Hydrocarbons containing halogens are very useful molecules in synthetic chemistry. Calculate S° for the reaction product in the equation shown below if ΔS° for the reaction is -213.0 J K-1.
C2H4(g) + HI(g) --> C2H5I(l) (for HI(g) S°=206 J/mol/K)
I looked up in my text So for C2H4(g) (200.8 J/mol/K) since you didn't include that in your post. You should use the number in your text/notes and not the one I've used.
C2H4(g) + HI(g) --> C2H5I(l)
dSrxn = (n*So products) - (n*So reactants)

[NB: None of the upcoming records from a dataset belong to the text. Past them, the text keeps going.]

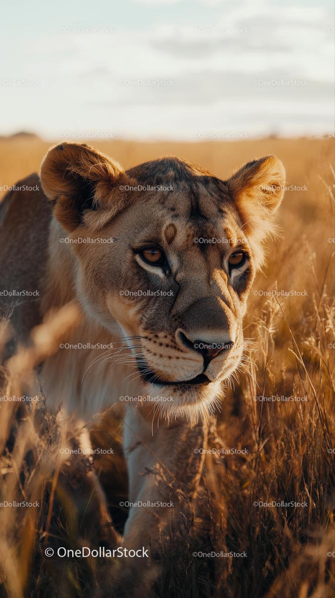 Majestatyczna lwica przechadzająca się przez złotą trawę sawanny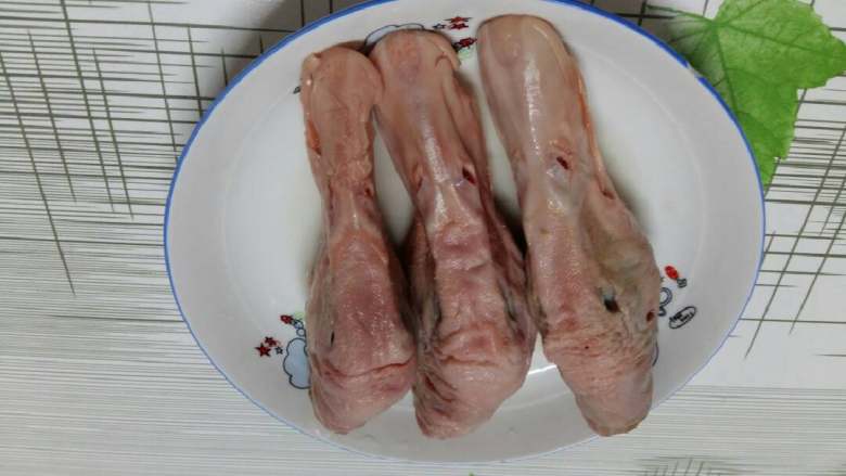 3. 焯熟的鸭头清洗干净,生姜切片,桂皮,八角,香叶,辣椒干,葱段备用。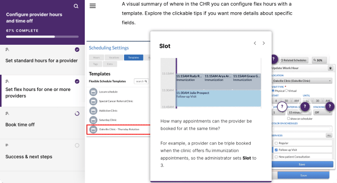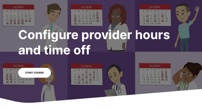 This course, titled “Configure provider hours and time off” was part of a “Configuration for Go-Live” learning path I created for TELUS Health.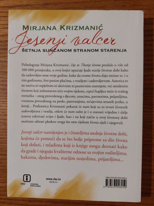 Naša priznata psihologinja Mirjana Krizmanić u knjizi „Jesenji valcer“ upućuje ljude starije životne dobi kako da zadovoljno nose svoje godine i svome životu daju smisao te da neovisno o svojoj dobi žive punim plućima, s veseljem i zadovoljstvom. Autorica to ne naziva ni uspješnim ni aktivnim ni pozitivnim starenjem, već smislenim životom koji jednostavno teče svojim tijekom, crpeći kapljice sreće iz svakog trenutka – onog provedenog s djecom, unucima, partnerima, prijateljima, vremena provedenog na poslu, putovanjima, tečajevima stranih jezika, u šetnji...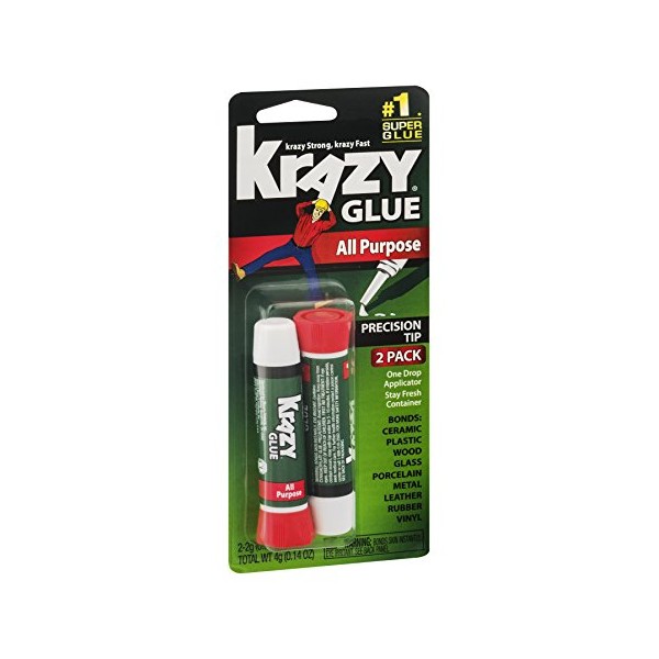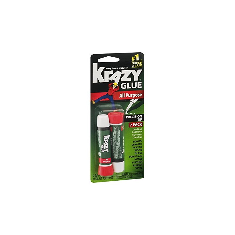 Krazy Glue All Purpose Instant Superglue (2g x 2 Tubes) Clear, Fast-Drying Adhesive, Precision One-Drop Applicator for Ceramic, Plastic, Wood, Glass, Rubber, Metal & More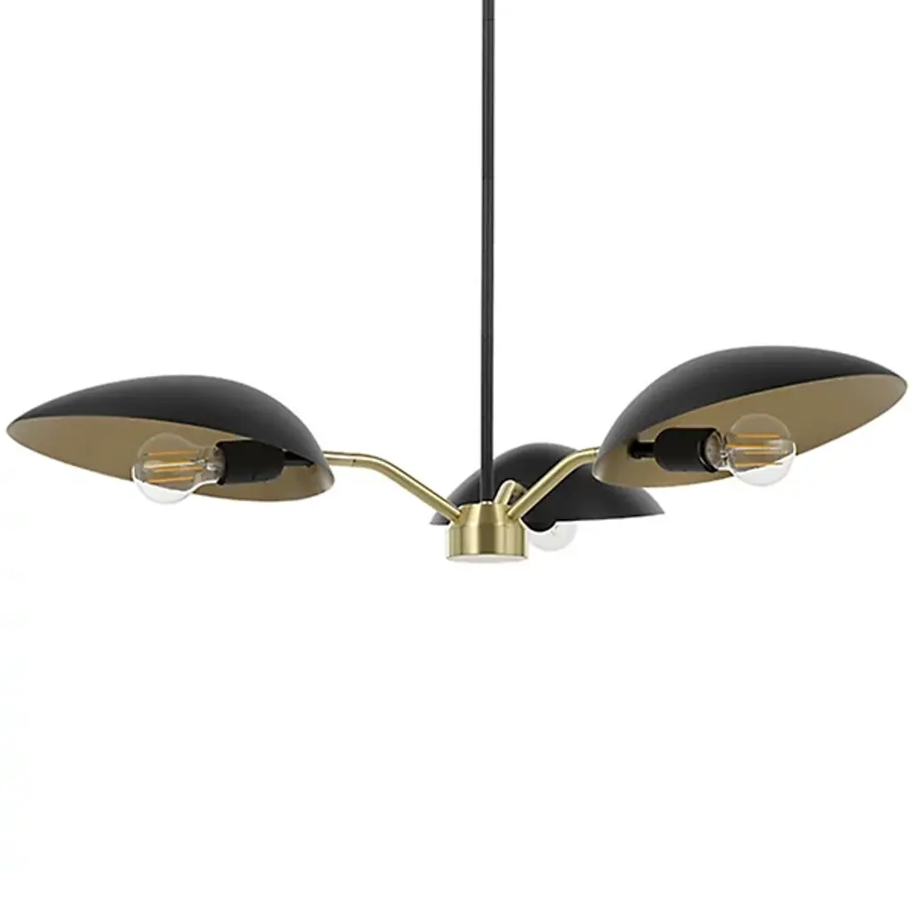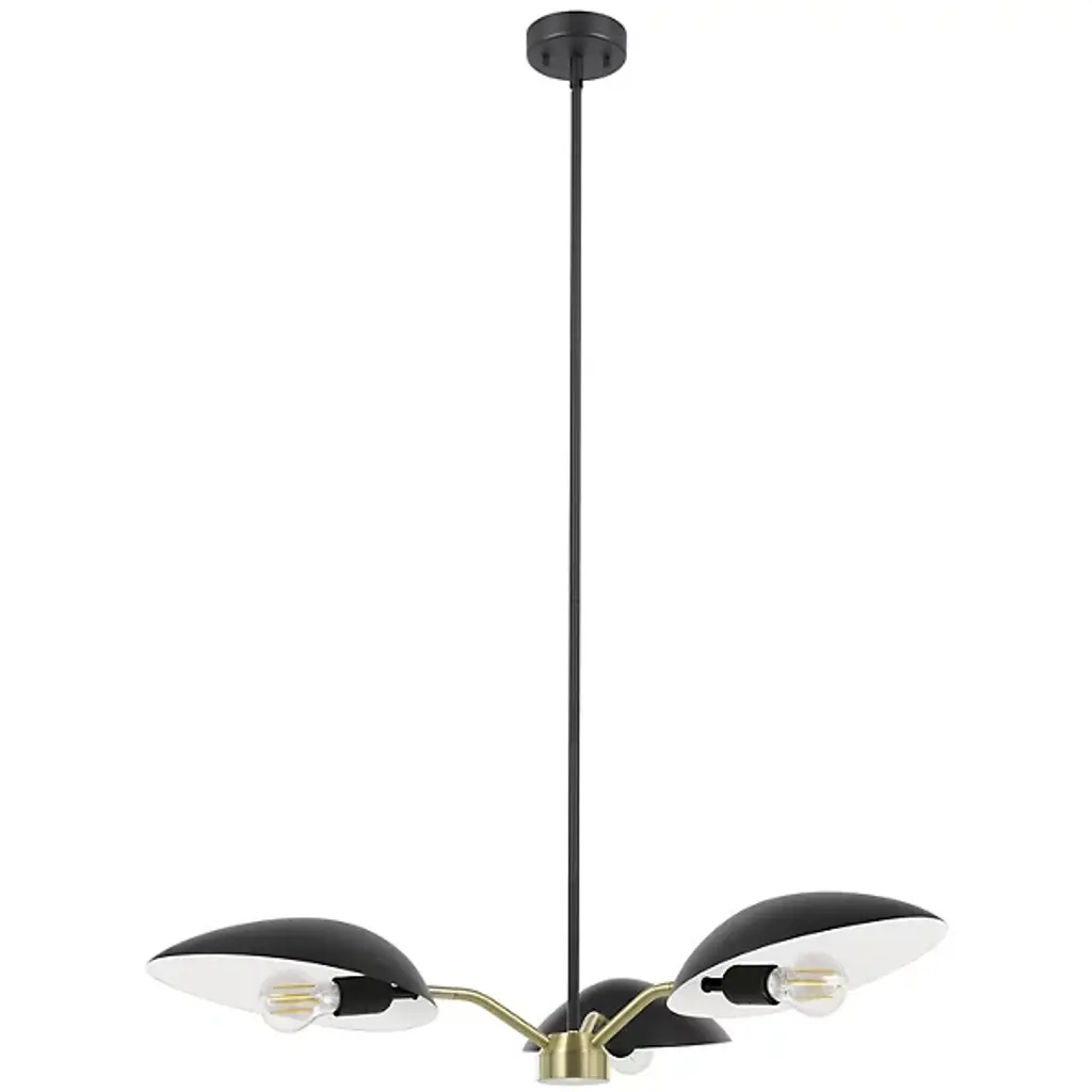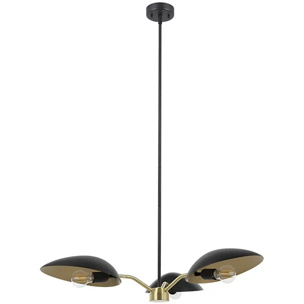 Modern lighting with stylishly retro curves. The Bexley Chandelier by Huxe shows off its mid-century modern lineage in the distinctive, elongated curve of its metal shades and the angular arms that hold them. The shades are arranged evenly around the bottom of the slim stem. The slightly tilted positioning of the shades and added width provided by the arms help ensure a wide wash of downlight onto a dining table or other surface.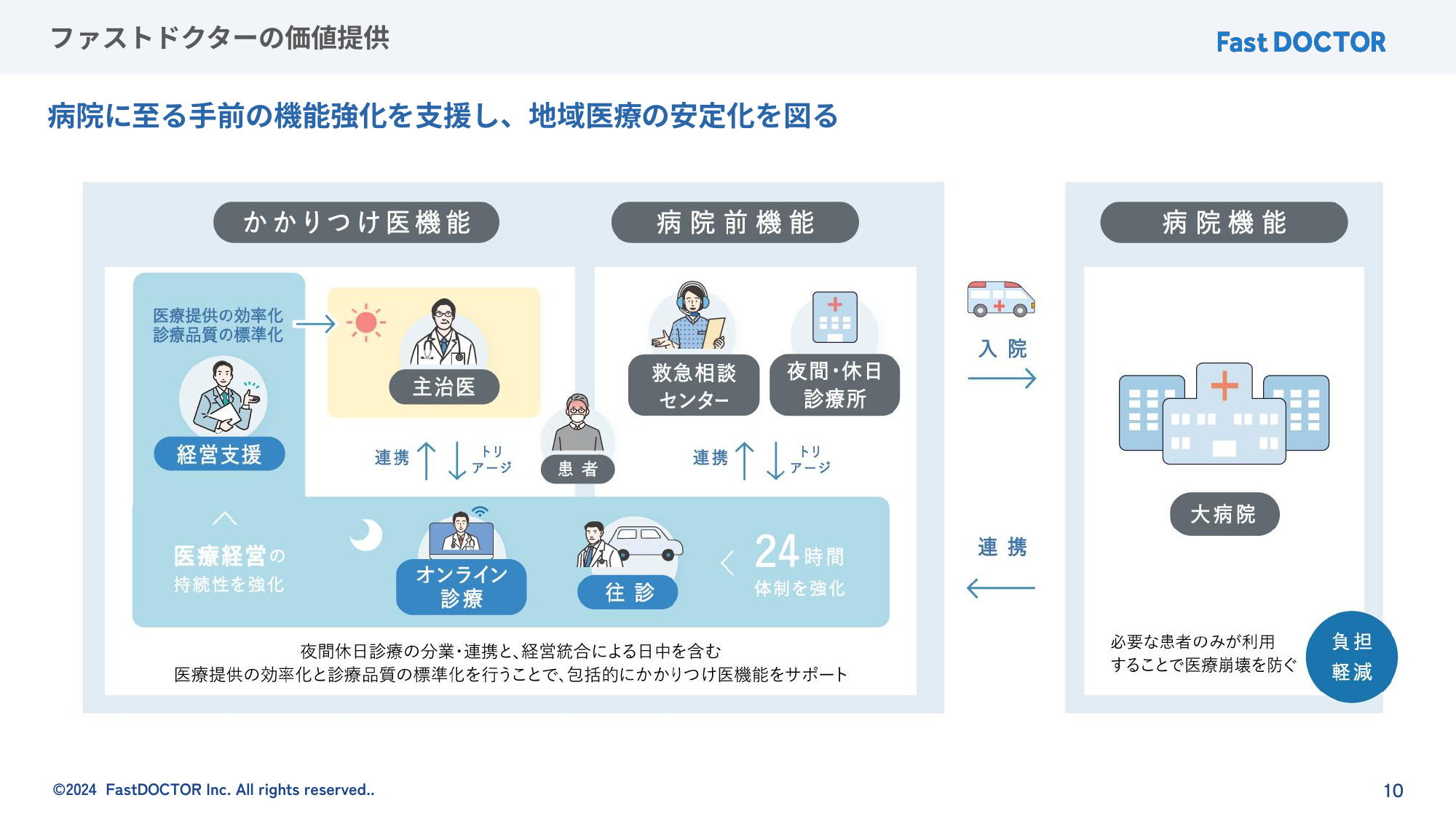 これらの社会課題に対して、私たちは「生活者の不安と医療者の負担をなくす」というミッションを掲げています。祖業である往診事業だけでなく、オンライン診療やかかりつけ機能の強化など、多様なサービス形態でミッション実現に向けた取り組みを拡大しています。病院機能の前段階であるかかりつけ機能や病院前機能を補完・強化する位置づけを担っています。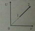 на рисунке показан процесс изменения состояния одного моля одноатомного идеального газа (U-внутренняя энергия газа; V- занимаемый им объем). Как изменяется в ходе этого процесса абсолютная температура, давление и теплоемкость газа? Для каждой величины определите соответствующий характер изменения: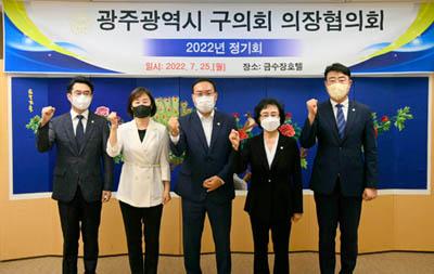 광주 5개 자치구의회 의장협의회. (사진 왼쪽부터) 김재식 동구의회 의장, 황경아 남구의회 의장, 김형수 북구의회 의장(협의회장), 고경애 서구의회 의장, 김태완 광산구의회 의장. /광주 북구의회 제공
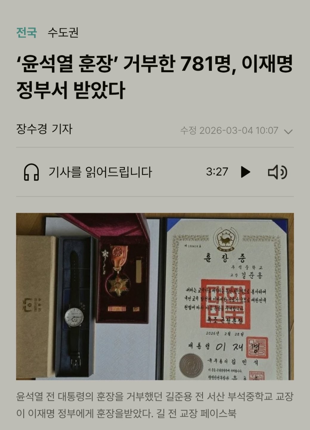 ‘내란수괴 훈장’ 거부한 781명, 이재명 정부서 받았다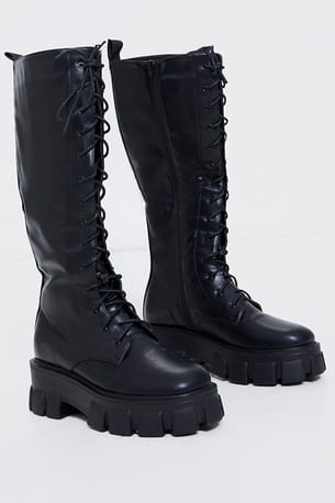 Bottes noires à lacets et semelles crantées de Prettylittlething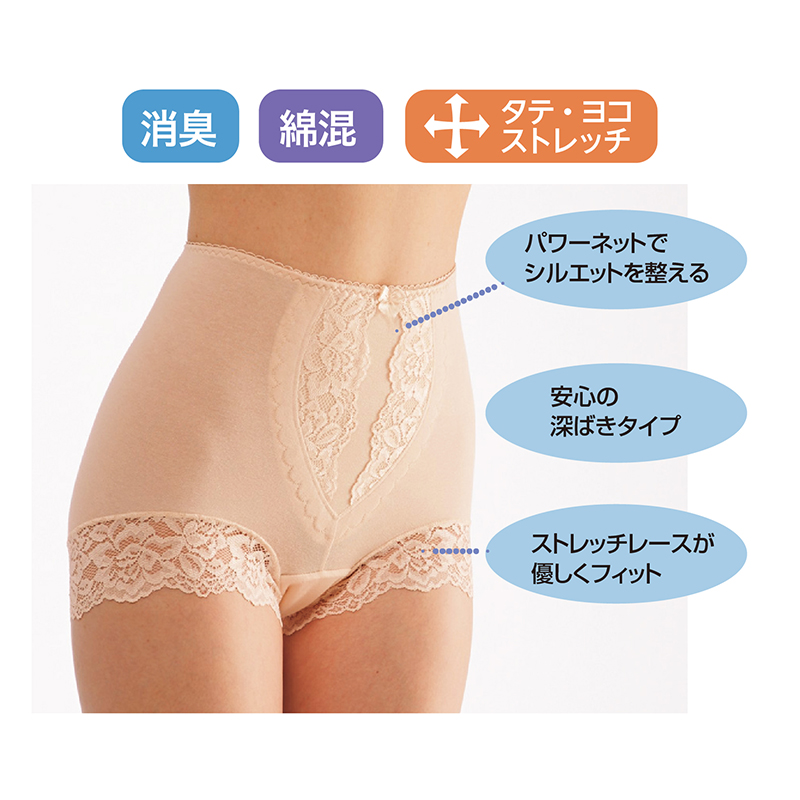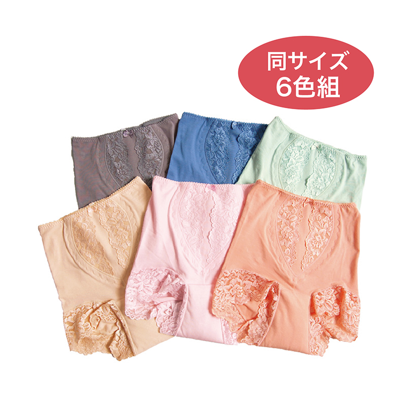 こう見えて大型パッドと消臭機能を備える。ぽっこりシルエットをすっきり見せる効果も。 レースをあしらったデザインがエレガントで、傍目にはわからない尿もれ対策ショーツです。お腹まですっぽりの深ばきタイプでシルエットすっきり。同系色で目立ちにくい大型吸水パッドと消臭機能で、長時間安心して過ごせます。 ●素材:本体=綿95%、ポリウレタン5%/レース部分・パワーネット部分=ナイロン、ポリウレタン ●仕様:吸水量=約30cc ●洗濯機可(ネット使用) ●セット内容:グレー、ブルー、グリーン、ベージュ、ピンク、オレンジの同サイズ6色組 ●中国製 ※衛生商品のため、開封後の返品・交換はお受けできません。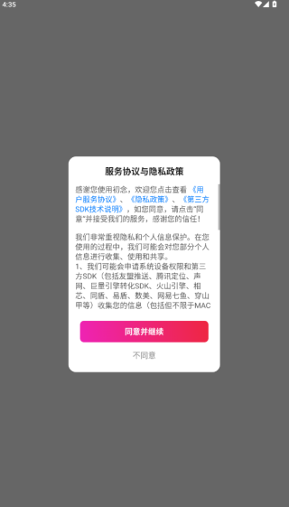 1、下载安装APP后打开软件,提示同意与否,点击同意进入注册界面;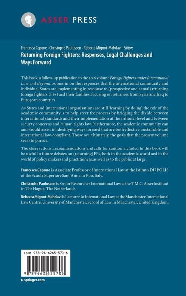 This book, a follow-up publication to the 2016 volume Foreign Fighters under International Law and Beyond, zooms in on the responses that the international community and individual States are implementing in response to (prospective and actual) returning foreign fighters (FFs) and their families, focusing on returnees from Syria and Iraq to European countries.

dSrxn = (n*So for C2H5I) - [(n*So for C2H4) + (n*So for HI)]
-213.0 = (1*So for C2H5I) - [(1*200.8) + (1*206)]
Solve for So for C2H5I. Post your work if you get stuck.
To calculate ΔS° for the reaction of C2H4(g) + HI(g) -> C2H5I(l), we need to use the "sum of products minus sum of reactants" formula for entropy change. The equation is as follows:
ΔS° = ΣS°(products) - ΣS°(reactants)
First, let's identify the number of each species in the reaction:
Reactants:
C2H4(g) - 1 mole
HI(g) - 1 mole
Products:
C2H5I(l) - 1 mole
Now, we need to determine the standard entropy (S°) value for each species.
Given:
S° for HI(g) = 206 J/mol/K
ΔS° for the reaction = -213.0 J/K
Using the information provided, we can calculate the ΔS° of the reaction:
ΔS° = [S°(C2H5I(l))] - [S°(C2H4(g)) + S°(HI(g))]
We know that S°(C2H4(g)) = 0 J/mol/K because it is an elemental form, and S° for an elemental form is 0.
Now, let's substitute in the given values and calculate:
ΔS° = [S°(C2H5I(l))] - [0 J/mol/K + 206 J/mol/K]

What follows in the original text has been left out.